Pennsylvania State House (Independence Hall), Philadelphia, 1731-53
Designed by Edmund Woolley and Andrew Hamilton, the State House was an early
expression of the Palladian style in a public building. The gentlemen architects must
have used English builder’s books to develop their exterior plans; the interior
woodwork is of a very high quality and owes much of its design to James Gibbs Book
of Architecture of 1728.
MacPheadris-Warner House, Portsmouth, New Hampshire, 1716
This is the earliest surviving urban brick house in New England, and an early use of
Palladian design ideas at the very start of the “Georgian” era (named for the time
when Kings George 1, II, III and IV were on the throne of Great Britain, 1714-1830).
The house was constructed by the English master-builder, who had trained in
London, and was familiar with the symmetrical houses introduced during the early
18th century. The house is also notable for the restoration of eye-popping interior
decoration, including a mural in the hallway depicting Native Americans and early
British settlers in New England, and a second floor chamber finished with “smalt”, a
ground cobalt producing a vivid purple effect.
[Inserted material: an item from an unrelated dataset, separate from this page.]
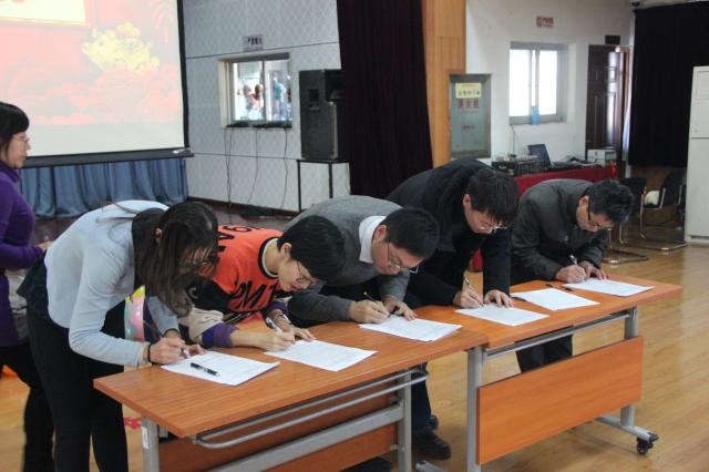 茶话会尾声,学院党委书记喻长远带头学习并签署了《师德师风承诺书》。全体教职工在贺卡上写了自己的新春寄语,汇成了一面寄语板图,寓意生命学院全体教师在2019年凝心聚力,共话未来。

Finally, you should know at least these three southern “plantation houses” that
represent some of the best interpretation of Palladian design of the Georgian era in
America. All three benefited from the immense wealth of the owners who were the
American-born descendants of early settlers of the 17th century. All would have
considered themselves “gentlemen” and were educated in English traditions and
with an awareness of English fashions, manners, and building styles. Direct trade
from southern plantations to London meant direct, and fairly frequent contact
between plantation owners and their families with family and merchants in London,
and the means to access current fashions in clothing, furniture and household
goods….and architectural books and prints.
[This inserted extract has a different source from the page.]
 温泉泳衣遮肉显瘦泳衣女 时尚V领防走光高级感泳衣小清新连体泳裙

- Drayton Hall, outside Charleston, South Carolina, 1750s
One of the outstanding surviving examples of Palladian design in America, notable
for the main house which has direct design influence from Palladio’s “Four Books of
Architecture” (first fully translated into English in 1721), and for the creation of
service wings and connecting passageways that are also directly from Palladio.
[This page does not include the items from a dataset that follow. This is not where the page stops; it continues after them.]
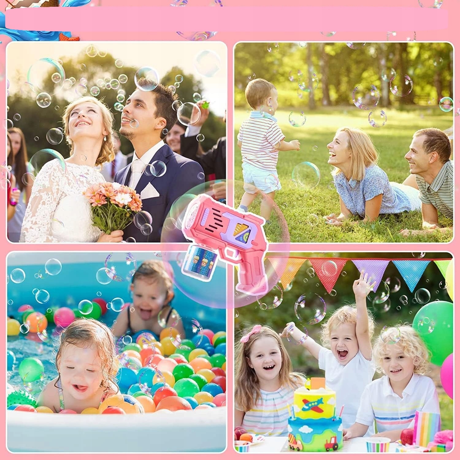 Pistolet został wyposażony w aż 10 otworów, przez które będą przelatywać bańki, dzięki czemu będzie ich naprawdę mnóstwo. Będziesz w stanie stworzyć ścianę z baniek! To świetna zabawka dla dzieci w każdym wieku. Świetnie sprawdzi się również jako dodatek imprezowy na urodziny!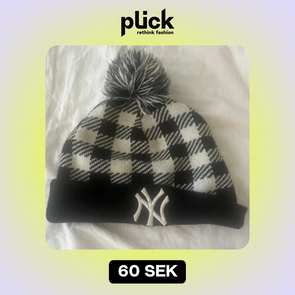 Svart vit vinter/ höst mössa från NY med mönster och pälsboll. Kommer inte till användning och säljs därför 🔥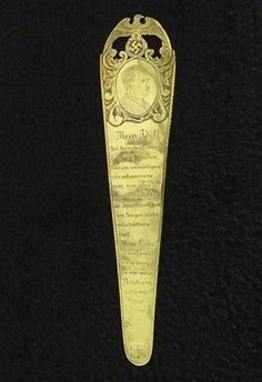 據(jù)稱(chēng),這枚金書(shū)簽具有特殊的歷史價(jià)值,它是希特勒的情人愛(ài)娃1943年送給希特勒的禮物,書(shū)簽上方雕刻著希特勒的臉,此外還有棲息在納粹十字記號(hào)上的鷹圖案,書(shū)簽上的題字還提到了1943年1月31日德軍在斯大林格勒戰(zhàn)敗后向前蘇聯(lián)軍隊(duì)投降的事件,因此,有人認(rèn)為愛(ài)娃送希特勒這枚書(shū)簽是為了安撫希特勒當(dāng)時(shí)沮喪的心情。

The brick house has been preserved, and never underwent a major restoration
campaign, though it is now a museum property.
- Mt Airy Plantation, Virginia, 1764
This Palladian-Georgian plantation house takes its design from the Palladian Villa
type as presented in James Gibbs Book of Architecture. The main house is a rare
example of cut and shaped stone used for the elevations, with dark stone as the
main body of the house and the projecting pedimented center section highlighted by
limestone. The house and grounds remain privately owned.
- Westover, James River, Virginia, ca. 1750
The house is less up-to-date than Drayton Hall, in that its plan is not perfectly
symmetrical, and the high hipped roof recalls design of 50 years earlier, but the
perfectly proportioned swans’ neck pediment and arrangement of the estate speaks
to a familiarity with Palladian design. Westover also remains in private hands.